- [Work request]:
Transcribe the lines below verbatim, skipping the images.

** Exercise data follows **

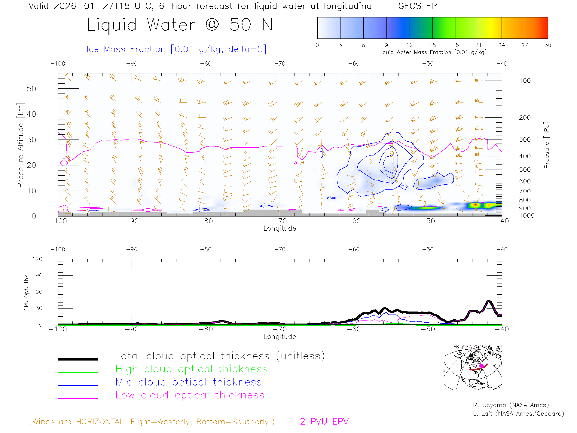 GEOS Forecast Cloud Water Content X-Section (50 N)
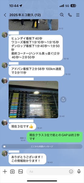 グリッドで集合写真を撮影し、エースの土屋選手にスタートドライバーを託します。1周の最速タイムが定められているこのレースでは、順位を上げるチャンスは限られており、低速からスタートするオープニングラップもその数少ないチャンスのひとつです。そのため、どのチームもサーキット経験が豊富なドライバーがスタートを務めることが多いのです。グリーンシグナルでスタートし、順調に土屋選手は総合3位をキープして1回目のピットストップへ。
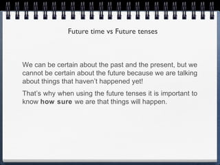 The document discusses different ways to talk about the future in English. It explains the uses of will, be going to, the present continuous, and the present simple to express certainty, plans, predictions, and scheduled events in the future. It also covers using might, may, could, and likely to for less certain predictions. Finally, it discusses using future time clauses with when, after, until, etc. and how the tense changes in the main and time clauses.
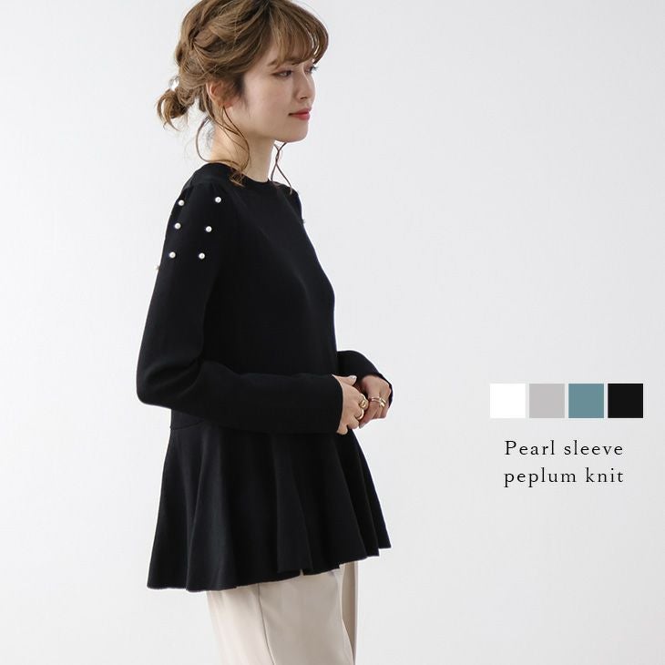 トップス ニット プルオーバー ペプラム パール 【春夏半額SALE対象】 [AMELY by La-gemme]トップス ニット プルオーバー ペプラム パール フレア パワショル フェミニン 上品 トップス レディース 2025春夏新作 【ass24-tp148】【即納:1-5営業日】【送料無料】メ込2

** End of Exercise data **

- [Written response]:
 GEOS Forecast Cloud Water Content X-Section (50 N)
 グリッドで集合写真を撮影し、エースの土屋選手にスタートドライバーを託します。1周の最速タイムが定められているこのレースでは、順位を上げるチャンスは限られており、低速からスタートするオープニングラップもその数少ないチャンスのひとつです。そのため、どのチームもサーキット経験が豊富なドライバーがスタートを務めることが多いのです。グリーンシグナルでスタートし、順調に土屋選手は総合3位をキープして1回目のピットストップへ。
 The document discusses different ways to talk about the future in English. It explains the uses of will, be going to, the present continuous, and the present simple to express certainty, plans, predictions, and scheduled events in the future. It also covers using might, may, could, and likely to for less certain predictions. Finally, it discusses using future time clauses with when, after, until, etc. and how the tense changes in the main and time clauses.
 トップス ニット プルオーバー ペプラム パール 【春夏半額SALE対象】 [AMELY by La-gemme]トップス ニット プルオーバー ペプラム パール フレア パワショル フェミニン 上品 トップス レディース 2025春夏新作 【ass24-tp148】【即納:1-5営業日】【送料無料】メ込2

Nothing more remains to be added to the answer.